■ TASK DESCRIPTION: Write out each record below exactly, but not the pictures.

(Excerpts from a dataset)
□ □ □ □

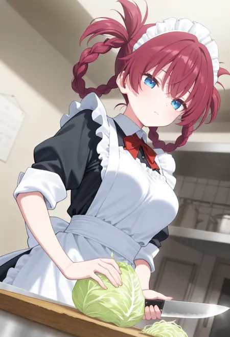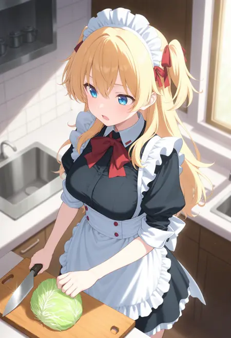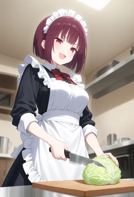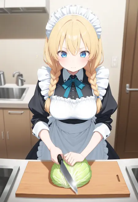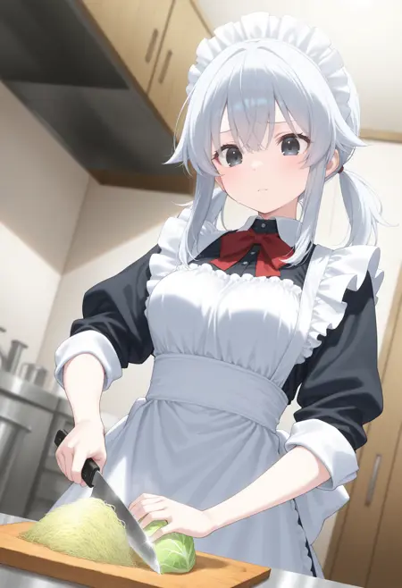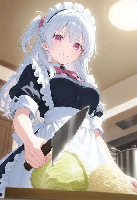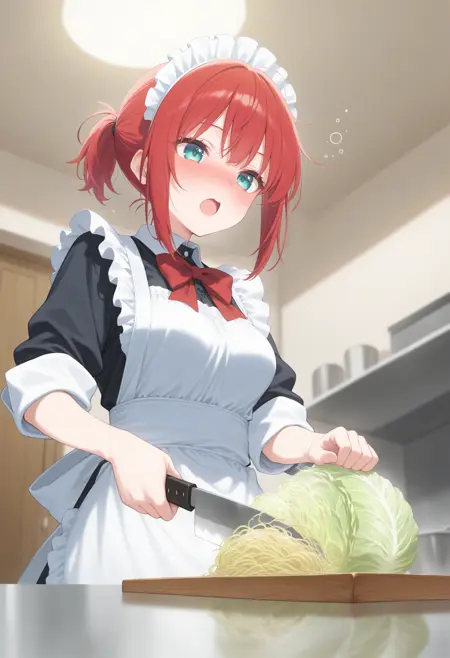 トリガーだけだと玉の状態のキャベツしか出ない事が多いので、cooking, kitchen, cutting board, holding knife, kitchen knife, cabbage, noodles を追加すると、千切りのキャベツや切り途中のキャベツが出現しやすくなります。noodles を入れる理由は、tagger が千切りを麺類と認識しているため、それを含めることで出力が可能になるからです。
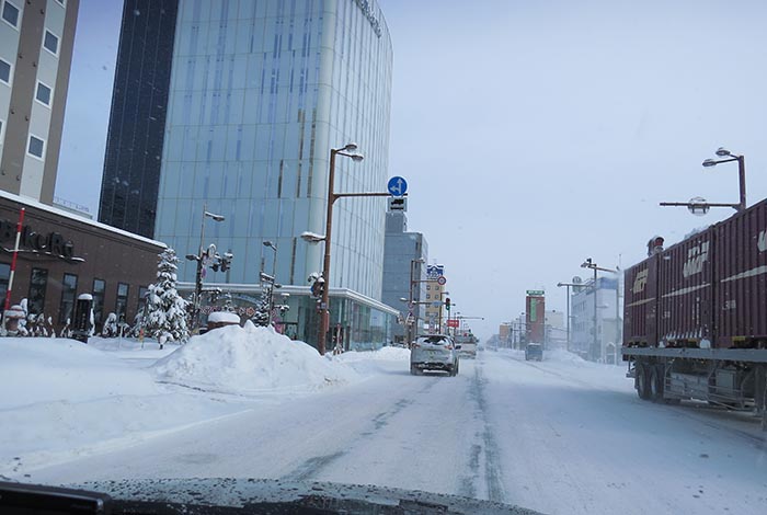 国道39号、北見神社の鳥居前から東9丁目歩道橋方向
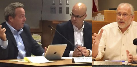Above, l-r: City Attorney Tom Yeadon, City Manager George Lahanas and Mayor Pro Tem Erik Altmann.
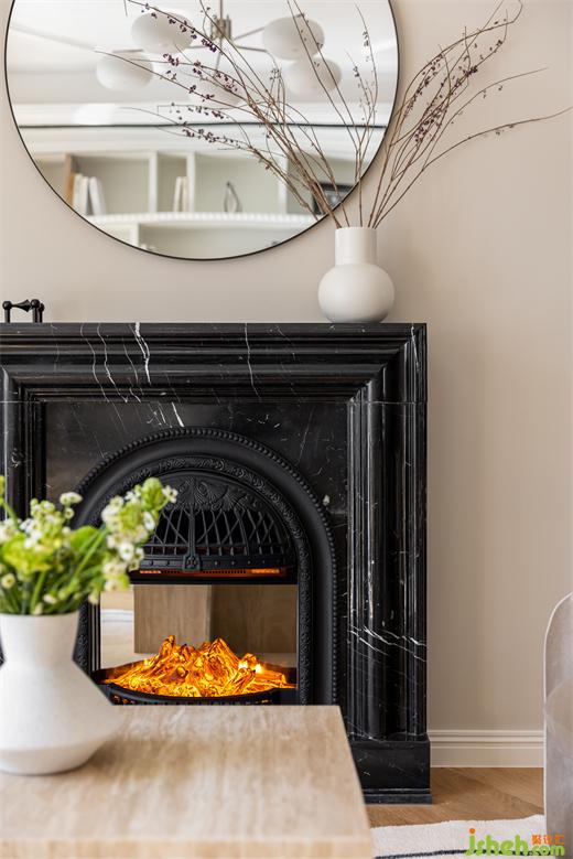 餐邊柜木色與仿大理石臺(tái)面搭配,簡(jiǎn)約大方。
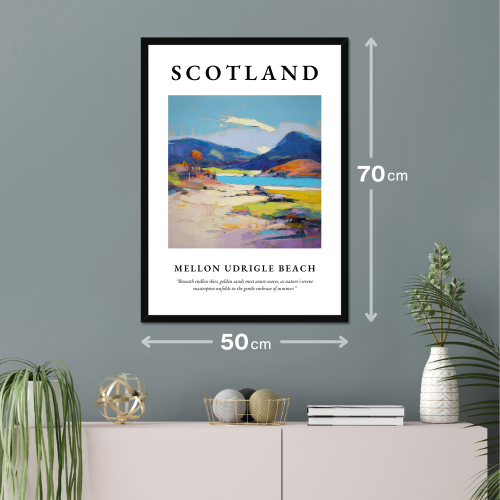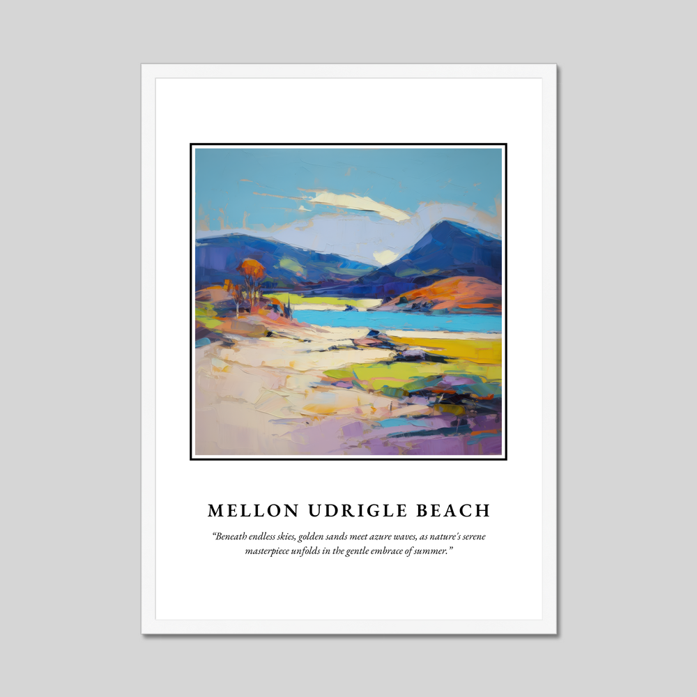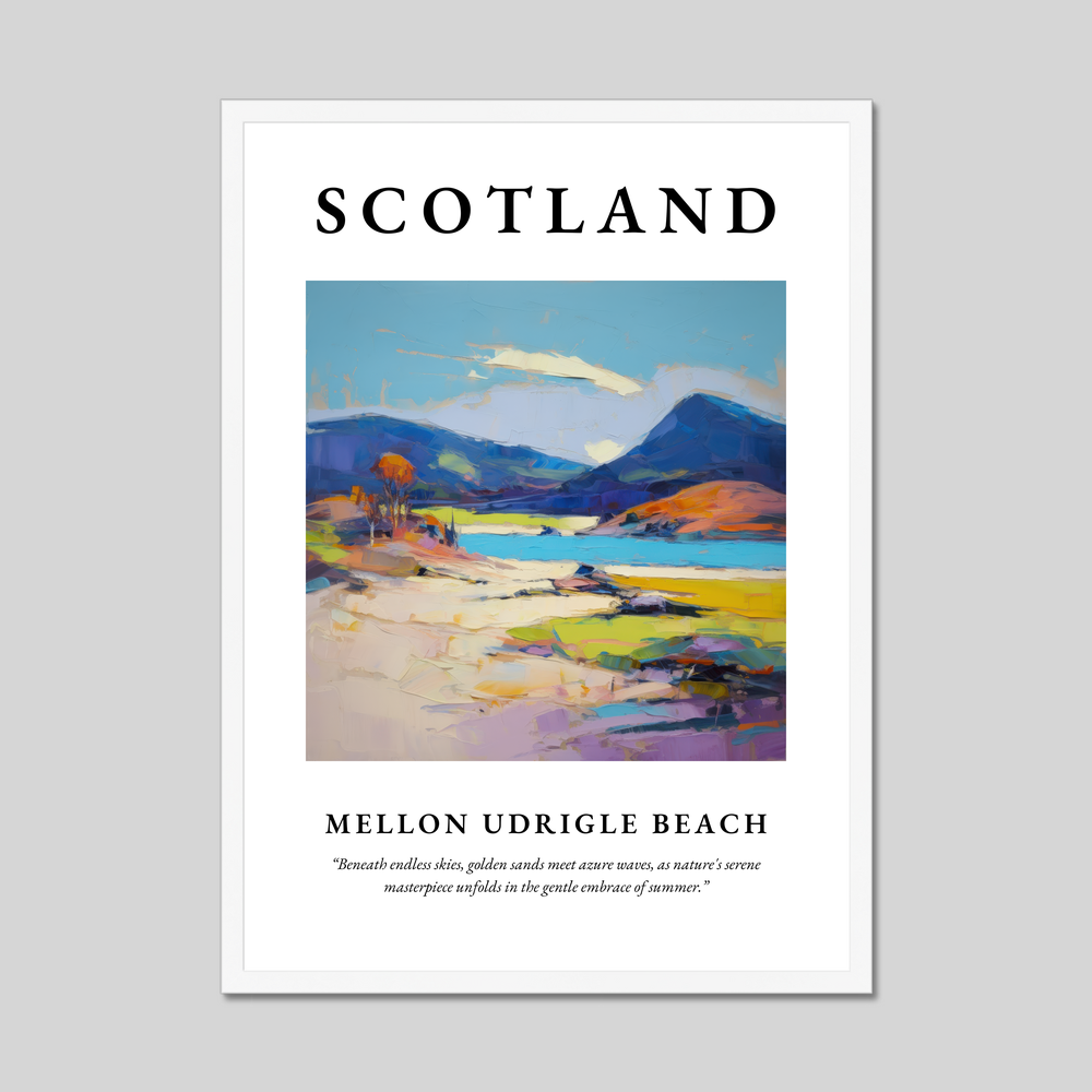 This poster not only encapsulates the serene elegance of Mellon Udrigle Beach but also serves as a cherished keepsake of Scotland’s natural wonders. It's more than just a visual delight; it’s an invitation to escape into a serene Scottish summer, wherever you may be.
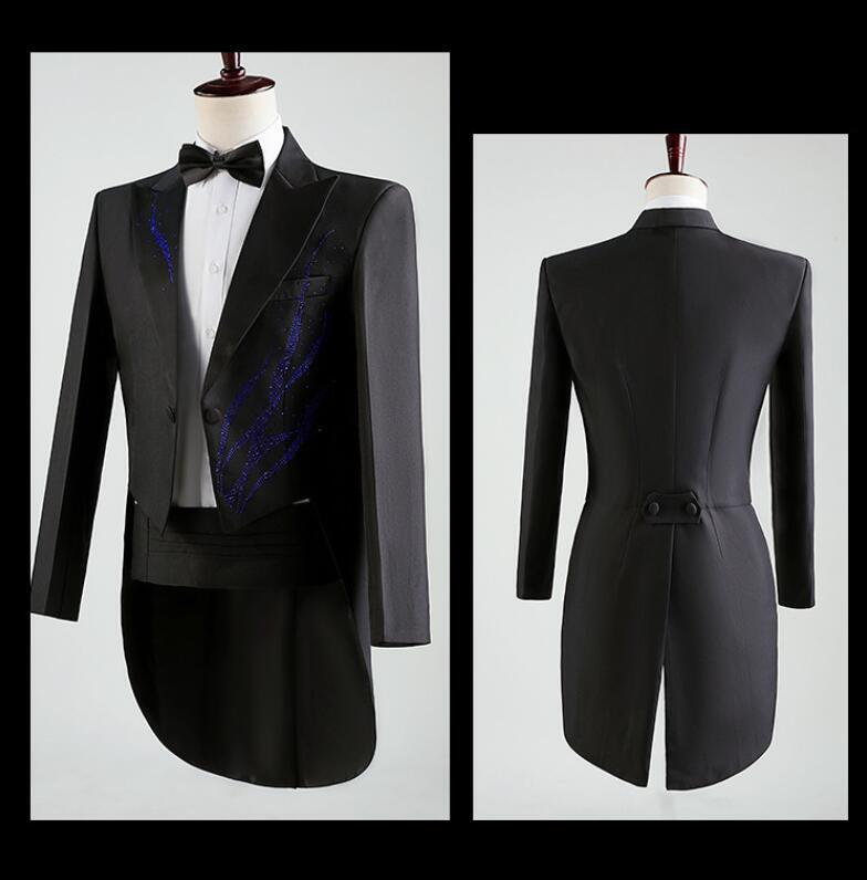 - 上質 新品メンズ スーツ ブルーストーン+黒 上下セット ストーン 燕尾服 タキシード宮廷S M L-3XL演歌 歌手衣装舞台演奏会お色選択可

□ □ □ □

■ ANSWER SECTION:
 トリガーだけだと玉の状態のキャベツしか出ない事が多いので、cooking, kitchen, cutting board, holding knife, kitchen knife, cabbage, noodles を追加すると、千切りのキャベツや切り途中のキャベツが出現しやすくなります。noodles を入れる理由は、tagger が千切りを麺類と認識しているため、それを含めることで出力が可能になるからです。
 国道39号、北見神社の鳥居前から東9丁目歩道橋方向
Above, l-r: City Attorney Tom Yeadon, City Manager George Lahanas and Mayor Pro Tem Erik Altmann.
 餐邊柜木色與仿大理石臺(tái)面搭配,簡(jiǎn)約大方。
 This poster not only encapsulates the serene elegance of Mellon Udrigle Beach but also serves as a cherished keepsake of Scotland’s natural wonders. It's more than just a visual delight; it’s an invitation to escape into a serene Scottish summer, wherever you may be.
 - 上質 新品メンズ スーツ ブルーストーン+黒 上下セット ストーン 燕尾服 タキシード宮廷S M L-3XL演歌 歌手衣装舞台演奏会お色選択可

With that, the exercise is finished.